Exercise = Reproduce from the records below, with no pictures, exactly the lines between the one containing "艾美特(AIRMATE)直流" and the one containing "Двохстороння куртка приблизно", inclusive.

Source data =

_ _ _ _ _

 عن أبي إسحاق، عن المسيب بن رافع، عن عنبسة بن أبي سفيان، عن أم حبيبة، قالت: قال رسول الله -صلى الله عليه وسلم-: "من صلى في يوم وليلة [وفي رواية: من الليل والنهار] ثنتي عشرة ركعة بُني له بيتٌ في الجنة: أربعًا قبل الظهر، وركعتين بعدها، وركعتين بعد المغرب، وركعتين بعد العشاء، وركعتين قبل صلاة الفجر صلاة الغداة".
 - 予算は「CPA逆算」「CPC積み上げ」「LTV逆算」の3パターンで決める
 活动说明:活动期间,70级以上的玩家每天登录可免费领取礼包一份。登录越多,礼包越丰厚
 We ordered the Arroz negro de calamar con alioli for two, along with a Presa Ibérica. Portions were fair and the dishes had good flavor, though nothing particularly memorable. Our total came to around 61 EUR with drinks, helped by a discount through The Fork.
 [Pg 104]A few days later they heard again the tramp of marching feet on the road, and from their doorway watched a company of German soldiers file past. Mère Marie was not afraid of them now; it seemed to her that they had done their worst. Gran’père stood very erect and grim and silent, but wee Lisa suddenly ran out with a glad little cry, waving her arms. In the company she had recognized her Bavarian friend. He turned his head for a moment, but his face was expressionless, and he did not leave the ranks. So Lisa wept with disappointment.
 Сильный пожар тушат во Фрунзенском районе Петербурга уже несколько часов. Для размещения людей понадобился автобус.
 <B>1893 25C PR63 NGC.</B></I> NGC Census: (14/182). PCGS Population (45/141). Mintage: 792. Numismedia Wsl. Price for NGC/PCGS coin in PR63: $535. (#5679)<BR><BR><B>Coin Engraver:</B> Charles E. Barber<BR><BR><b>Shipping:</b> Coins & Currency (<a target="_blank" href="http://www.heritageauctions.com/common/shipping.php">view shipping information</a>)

_ _ _ _ _

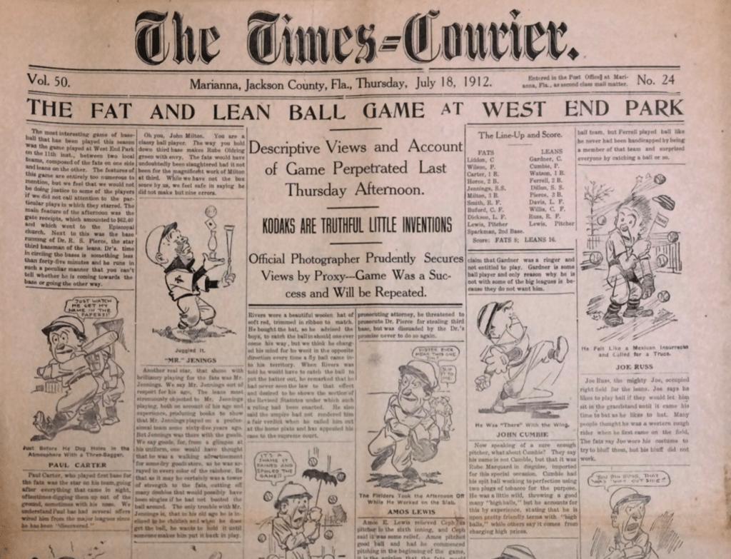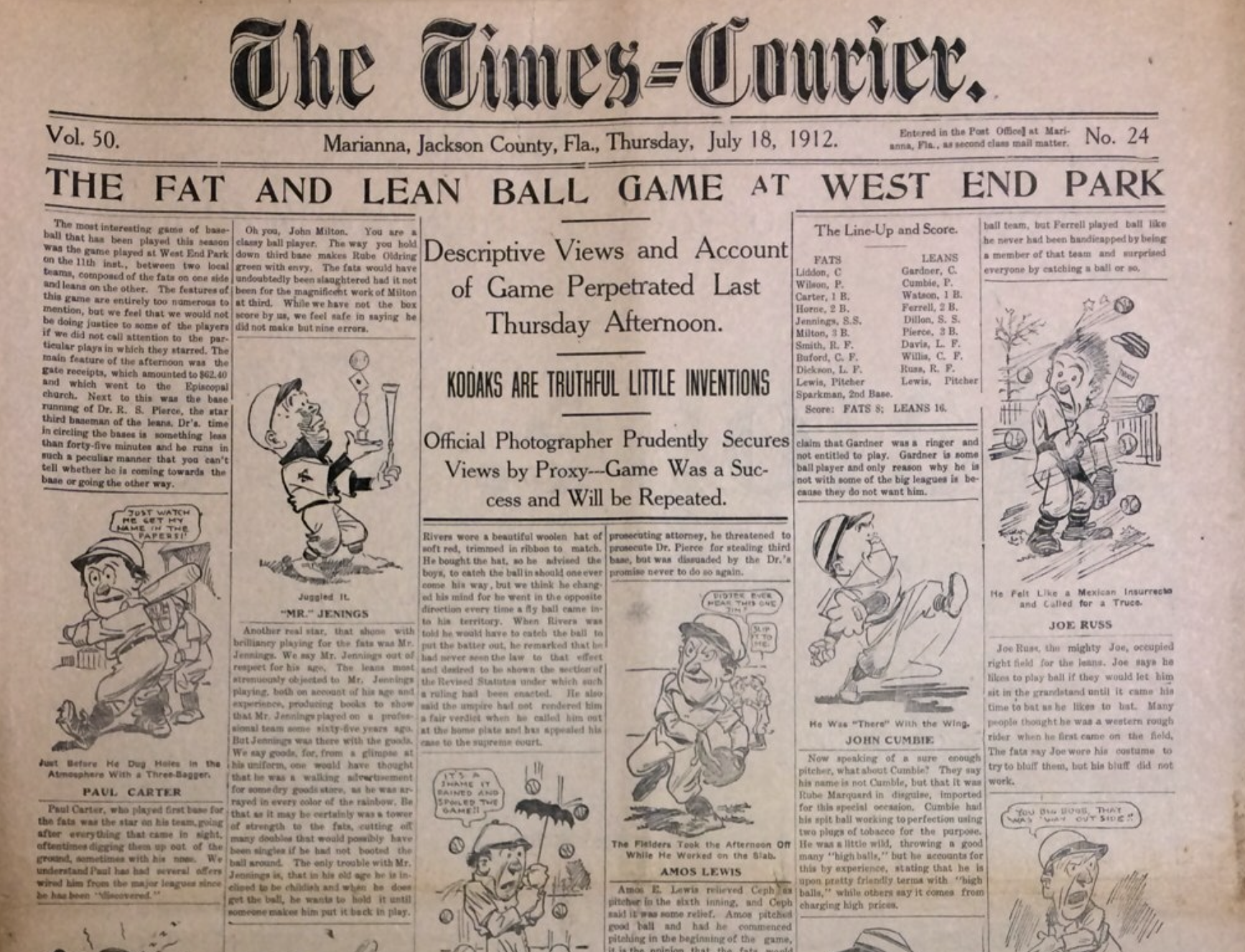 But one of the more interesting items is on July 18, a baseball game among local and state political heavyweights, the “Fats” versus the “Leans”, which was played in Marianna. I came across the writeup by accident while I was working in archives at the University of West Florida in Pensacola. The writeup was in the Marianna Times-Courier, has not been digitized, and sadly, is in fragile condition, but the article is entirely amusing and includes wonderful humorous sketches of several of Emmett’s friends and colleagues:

_ _ _ _ _

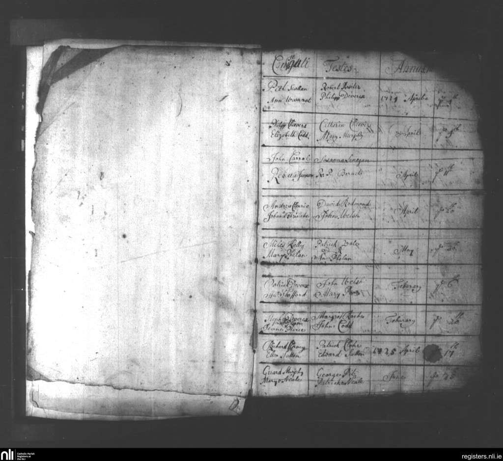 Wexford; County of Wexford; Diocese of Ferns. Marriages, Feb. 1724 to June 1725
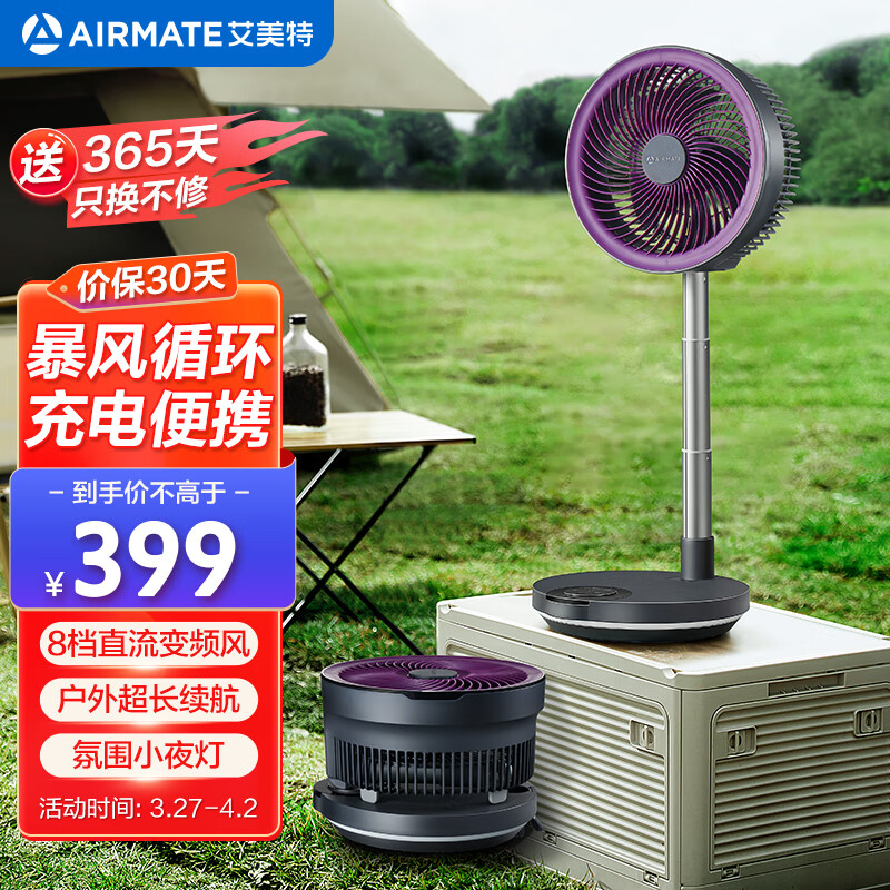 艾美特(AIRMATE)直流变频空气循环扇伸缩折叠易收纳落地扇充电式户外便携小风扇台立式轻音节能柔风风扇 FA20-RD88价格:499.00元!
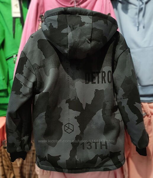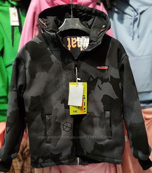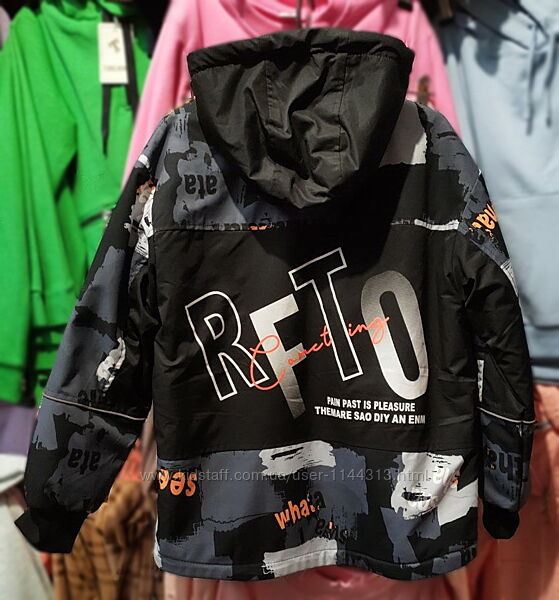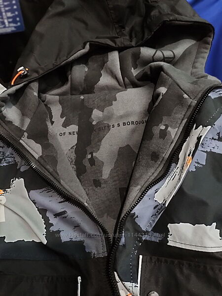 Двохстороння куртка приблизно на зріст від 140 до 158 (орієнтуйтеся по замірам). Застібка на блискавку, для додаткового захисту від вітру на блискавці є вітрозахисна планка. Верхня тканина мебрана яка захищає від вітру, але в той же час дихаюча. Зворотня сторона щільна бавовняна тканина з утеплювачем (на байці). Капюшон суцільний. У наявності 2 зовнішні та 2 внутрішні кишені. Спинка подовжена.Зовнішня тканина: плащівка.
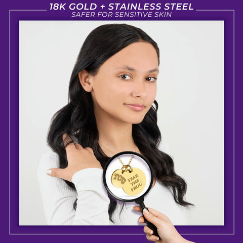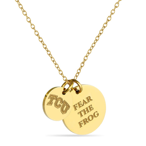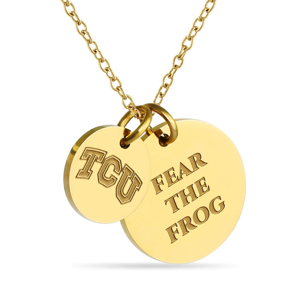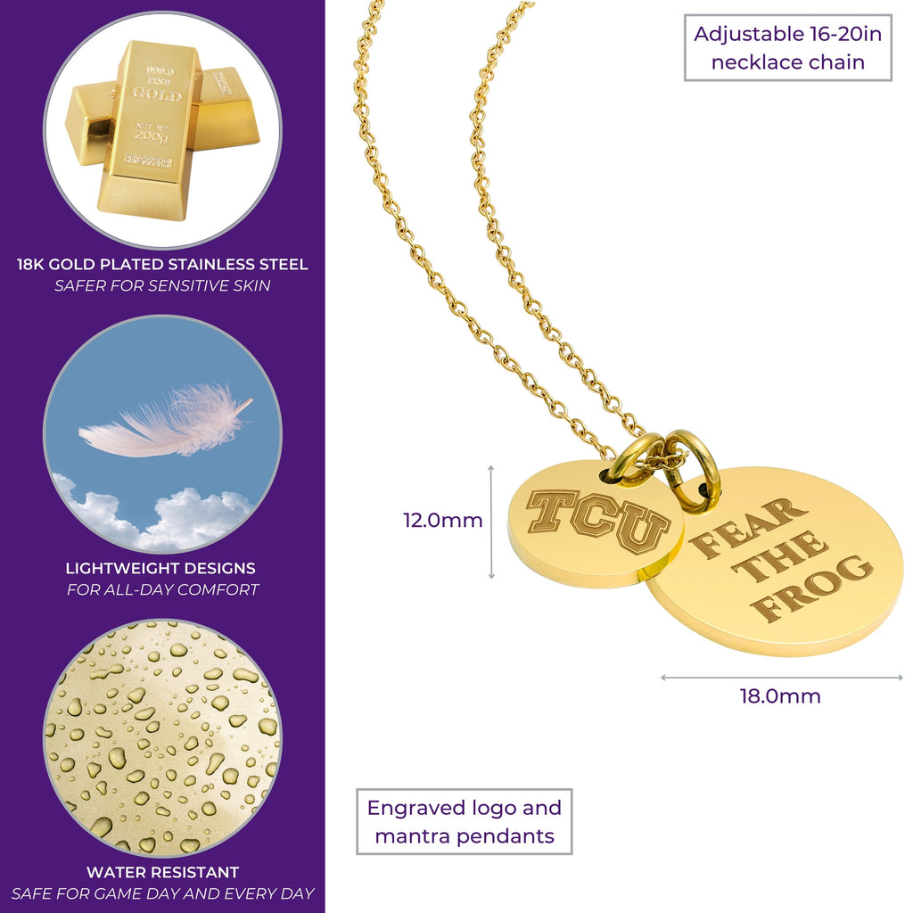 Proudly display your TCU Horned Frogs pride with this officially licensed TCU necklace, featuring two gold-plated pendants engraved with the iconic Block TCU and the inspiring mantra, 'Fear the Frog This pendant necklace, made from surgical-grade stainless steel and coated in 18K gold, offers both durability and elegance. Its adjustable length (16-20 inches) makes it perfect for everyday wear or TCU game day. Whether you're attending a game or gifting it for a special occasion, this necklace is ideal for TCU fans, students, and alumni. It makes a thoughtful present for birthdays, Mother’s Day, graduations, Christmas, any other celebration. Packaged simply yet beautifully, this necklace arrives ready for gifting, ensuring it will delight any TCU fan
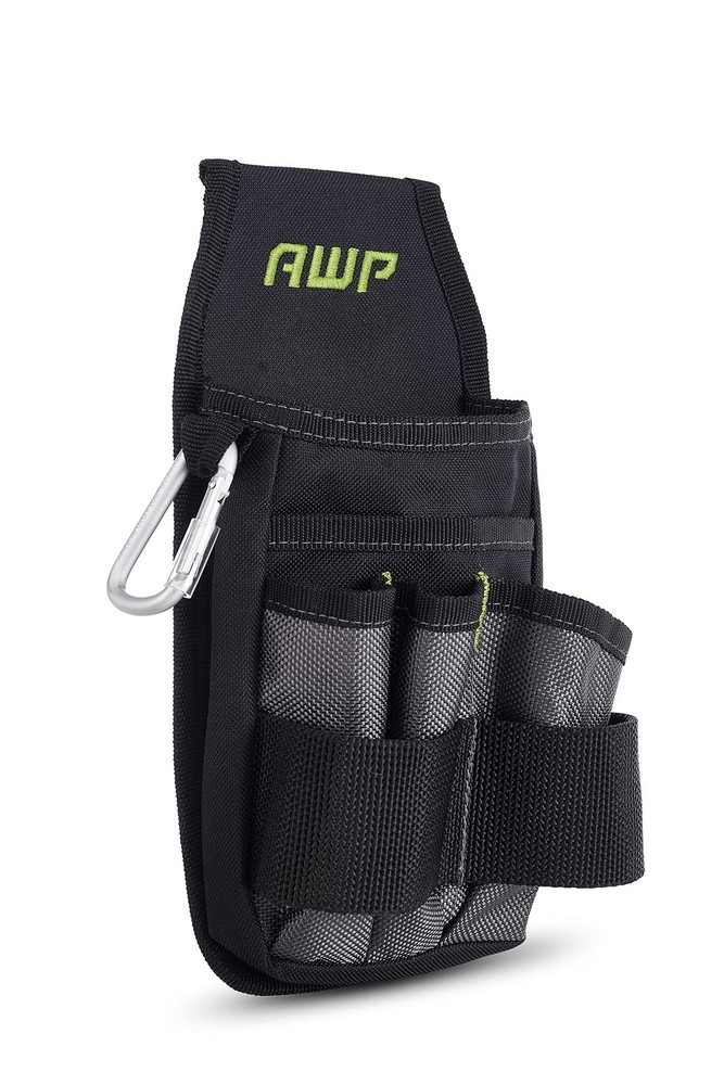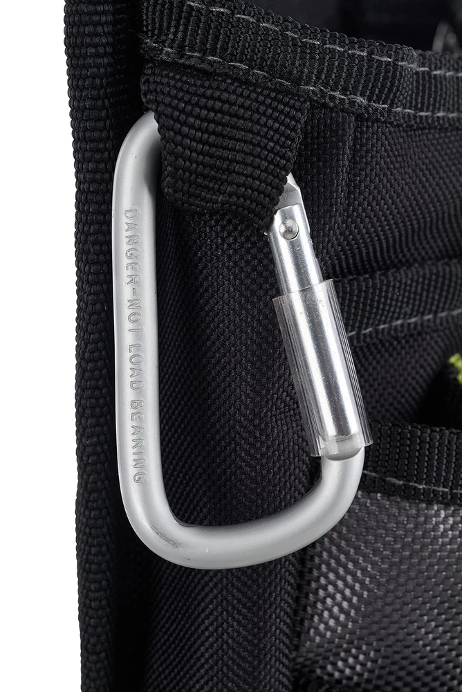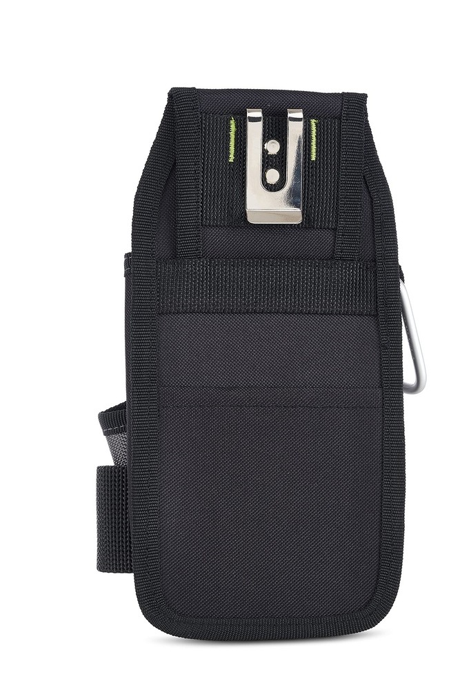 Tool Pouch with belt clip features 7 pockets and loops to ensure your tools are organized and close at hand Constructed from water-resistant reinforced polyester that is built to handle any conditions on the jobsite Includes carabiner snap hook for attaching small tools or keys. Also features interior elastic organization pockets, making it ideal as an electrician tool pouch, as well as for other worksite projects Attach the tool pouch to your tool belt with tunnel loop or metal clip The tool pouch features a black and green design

_ _ _ _ _

Answer to this problem =
 艾美特(AIRMATE)直流变频空气循环扇伸缩折叠易收纳落地扇充电式户外便携小风扇台立式轻音节能柔风风扇 FA20-RD88价格:499.00元!
 Двохстороння куртка приблизно на зріст від 140 до 158 (орієнтуйтеся по замірам). Застібка на блискавку, для додаткового захисту від вітру на блискавці є вітрозахисна планка. Верхня тканина мебрана яка захищає від вітру, але в той же час дихаюча. Зворотня сторона щільна бавовняна тканина з утеплювачем (на байці). Капюшон суцільний. У наявності 2 зовнішні та 2 внутрішні кишені. Спинка подовжена.Зовнішня тканина: плащівка.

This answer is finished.